Well, I got my GNR song replacer working. I kept three of the original songs:
I Don't Want To Set The World On Fire, the Jazzy instrumental (because it is the intro for the Herbert Dashwood shows), and
Into Each Life Some Rain Must Fall.
The other songs for Galaxy Blues Radio are:
Albert King-Born Under A Bad SignBB King-The Thrill Is GoneMarvin Gaye-I Heard It Through The GrapevineSmokey Robinson-Tracks Of My TearsDean Martin-Ain't That A Kick In The HeadEdwin Starr-WarFrank Sinatra-My WayHowlin' Wolf-Smokestack Lightnin'James Taylor-Fire And RainJim Croce-Bad Bad Leroy BrownJimmy Dean-Big Bad JohnJohn Lee Hooker-Boom BoomKenny Wayne Shepherd-Last GoodbyeMuddy Waters-Im Your Hoochie Coochie ManNat King Cole & Natalie Cole-UnforgetableThe Four Tops - Reach Out (I'll Be There)Marvin Gaye - What's Going OnThe Temptations - Ball Of ConfusionThe Rolling Stones - Gimmie ShelterOk, so they are not all Blues. But Frank and Deano are from the era, and some are Motown - which is close to the era. James Taylor is one of the newest, but I think it suits the game perfectly. Kenny Wayne Shepherd is by far the most recent song, but he's as much a Blues man as he is a Rocker, and that song also works so well for the Fallout world. I have been playing this evening with Galaxy Blues Radio, and so far I am loving it.

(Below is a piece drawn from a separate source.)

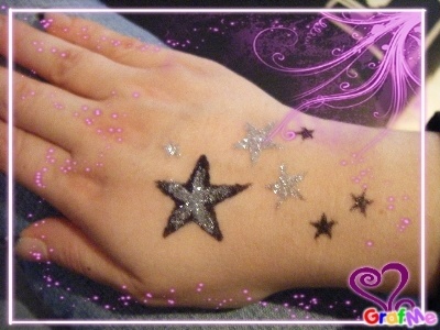 tu veux que je te montre quoi? mes tatoos sont en 1ère pageles a s tu utiliser avec leur colle , car moi j'avais de la colle latex d'un autre kit ....

If anyone else wants to do this, all you have to do is add your mp3s to the Fallout 3\Data\Sound\Songs\Radio\Licensed folder. It probably won't exist, so you will have to make it. Then rename your songs with the same names the game uses for its songs:
mus_billieholiday_crazy
mus_billieholiday_easy
mus_bobcrosby_happy
mus_bobcrosby_way
mus_coleporter_anything
mus_dannykaye_civilization
mus_ellafitzgerald_into
mus_generic_boogie
mus_generic_fox
mus_generic_jazzy
mus_generic_jolly
mus_generic_rhythm
mus_generic_sunning
mus_generic_swing
mus_generic_swingdoors
mus_inkspots_idont
mus_inkspots_maybe
mus_roybrown_butcher
mus_roybrown_mighty
mus_texbeneke_guy
That is all you have to do. But you can go an extra step, and use a sound editor like
Audacity to flatten down the stereo tracks to a single output (mono). Then save that seperately as both an .mp3, and a .wav file, and add the _mono to the names of the new files. That gives you 3 sound files for each song, the original .mp3 in stereo, one .mp3 in mono, and one .wav in mono. Like this:
mus_billieholiday_crazy.mp3
mus_billieholiday_crazy_mono.mp3
mus_billieholiday_crazy_mono.wav
Apparently the game will use the mono versions sometimes if you have them there, to simulate circumstances where it is harder to hear the radio. But so far as I know, you don't absolutely need them. I tested this a few days ago, and the game uses the first, stereo mp3 when you play a song on your pipboy. If a song is playing on a radio set it plays one of the mono files, I am not sure which. So if you only replace the stereo mp3, you will hear your custom songs on your pipboy, but the originals on the radios out in the game world. This can be strange when you have your pipboy radio playing and there is a regular radio playing the same station. However, that is just for FO3.
New Vegas is funky. It still uses the stereo mp3 for the music you hear on your pipboy. But for radio sets in the world it plays a mono file that is in the .ogg format. So you will have two files for every song:
Song.mp3
Song_mono.ogg
I did have a lot of trouble getting it to work though. I would find that sometimes it would start a new song, and it would not play. Instead the game would slow down dramatically, so slow and choppy that it was unplayable. I knew it was the song because as soon as I turned GNR off, the game was fine again. I tried all the suggested fixes I could find, and nothing worked. Finally I downloaded
GSpot (great name btw

). I used it to check every single song file to make sure my comp's codecs would play it. All you have to do is load the song with GSpot, then at the bottom click the MS A/V button, and it will tell you if you if there is a problem with the codecs. I found 4 songs that had issues. The funny thing is, I could play them just fine with winamp. But obviously these were what was causing the bug in the game. So I opened each with Audacity, exported them as .wav files, then opened them again, and exported them as .mp3s, re-encoding them. A check with GSpot on the new files showed them fine. After that the radio in the game has played just fine.